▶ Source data
* * * * * * *

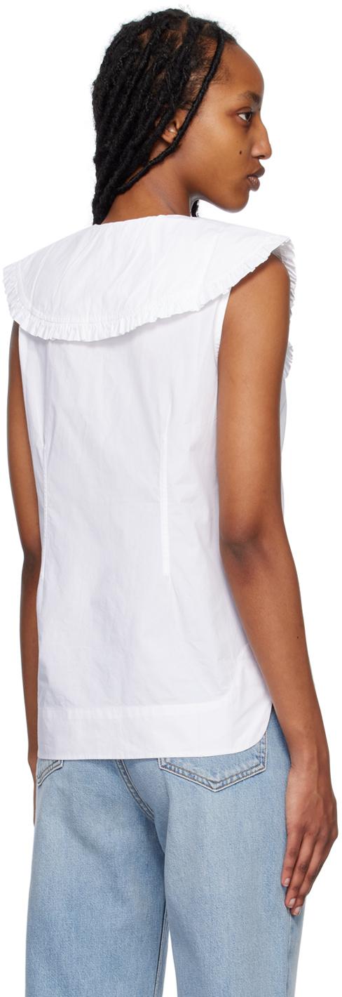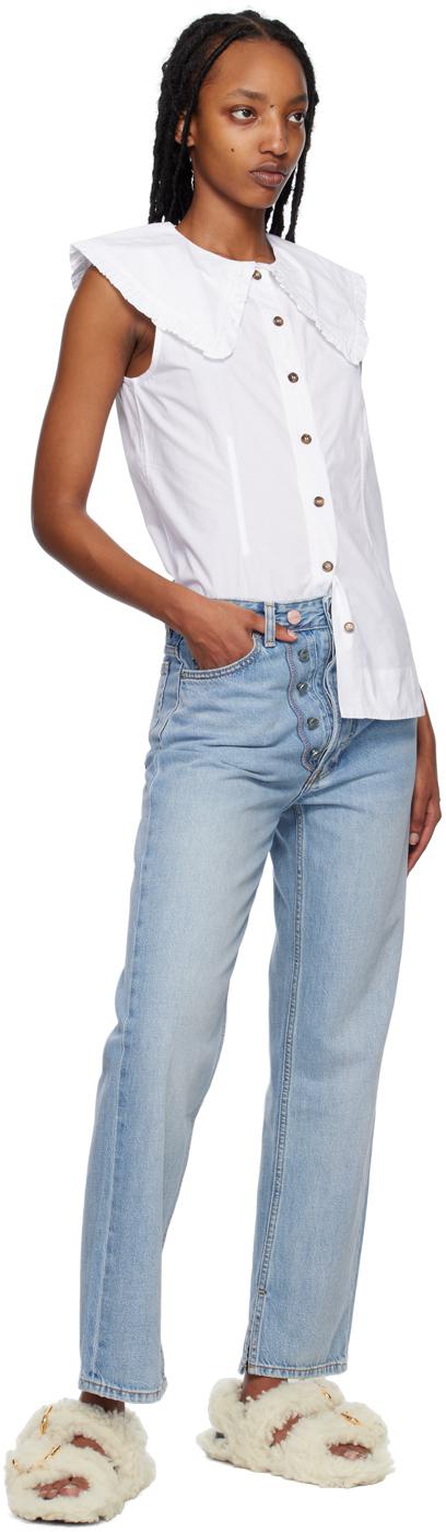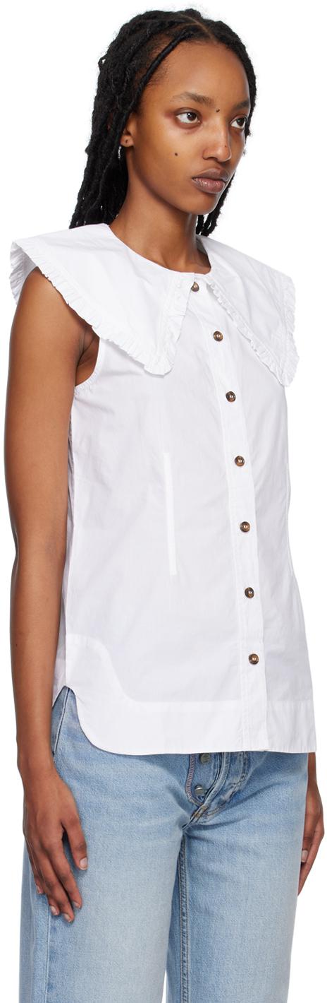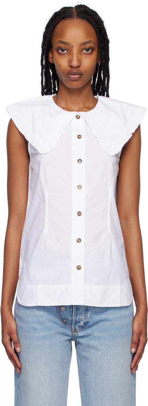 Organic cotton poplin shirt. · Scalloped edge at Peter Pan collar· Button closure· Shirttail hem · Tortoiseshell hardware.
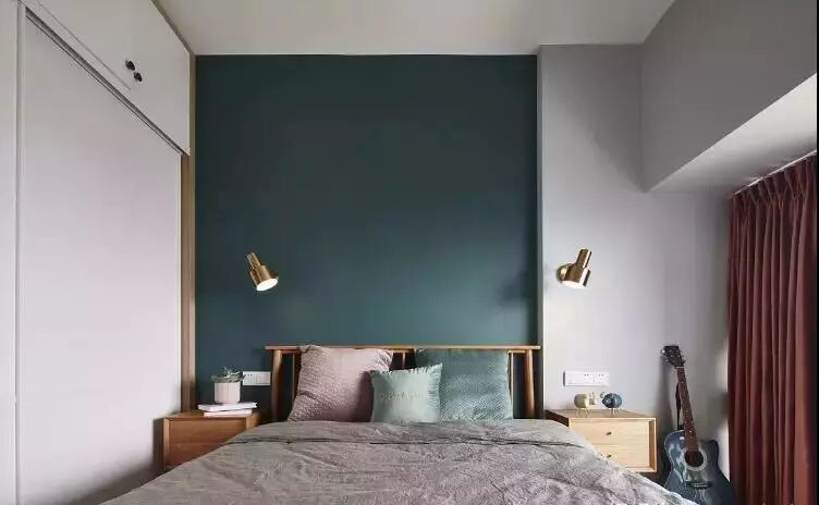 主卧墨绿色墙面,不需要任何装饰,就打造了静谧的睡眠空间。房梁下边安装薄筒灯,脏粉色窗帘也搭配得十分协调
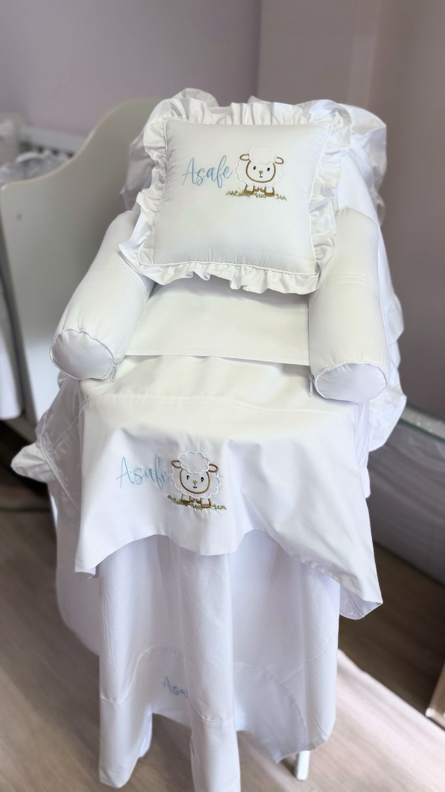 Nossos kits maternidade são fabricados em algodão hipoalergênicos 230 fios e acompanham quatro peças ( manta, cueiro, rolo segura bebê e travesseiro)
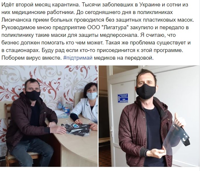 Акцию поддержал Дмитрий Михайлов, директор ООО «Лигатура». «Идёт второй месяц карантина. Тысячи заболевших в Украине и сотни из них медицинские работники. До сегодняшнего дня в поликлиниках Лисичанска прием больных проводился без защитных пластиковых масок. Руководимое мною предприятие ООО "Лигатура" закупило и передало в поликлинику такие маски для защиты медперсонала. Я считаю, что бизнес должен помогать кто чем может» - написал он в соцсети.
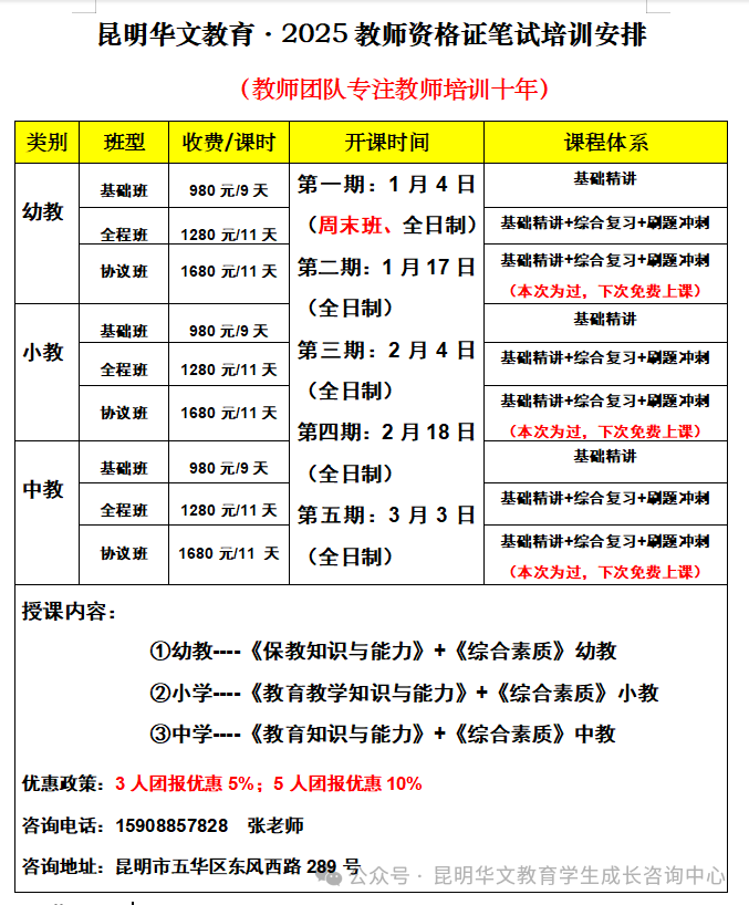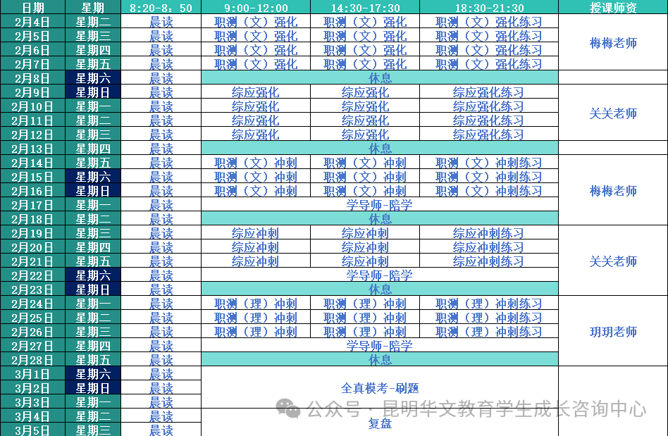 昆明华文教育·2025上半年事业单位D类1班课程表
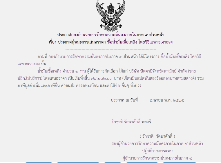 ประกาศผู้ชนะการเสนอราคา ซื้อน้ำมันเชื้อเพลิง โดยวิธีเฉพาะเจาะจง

* * * * * * *

▶ WHAT NEEDS TO BE DONE
Print again, exactly, the lines of the records above from the first line through the line with "Nossos kits maternidade". No pictures.

▶ RESULT FOR THIS TASK
 Organic cotton poplin shirt. · Scalloped edge at Peter Pan collar· Button closure· Shirttail hem · Tortoiseshell hardware.
 主卧墨绿色墙面,不需要任何装饰,就打造了静谧的睡眠空间。房梁下边安装薄筒灯,脏粉色窗帘也搭配得十分协调
 Nossos kits maternidade são fabricados em algodão hipoalergênicos 230 fios e acompanham quatro peças ( manta, cueiro, rolo segura bebê e travesseiro)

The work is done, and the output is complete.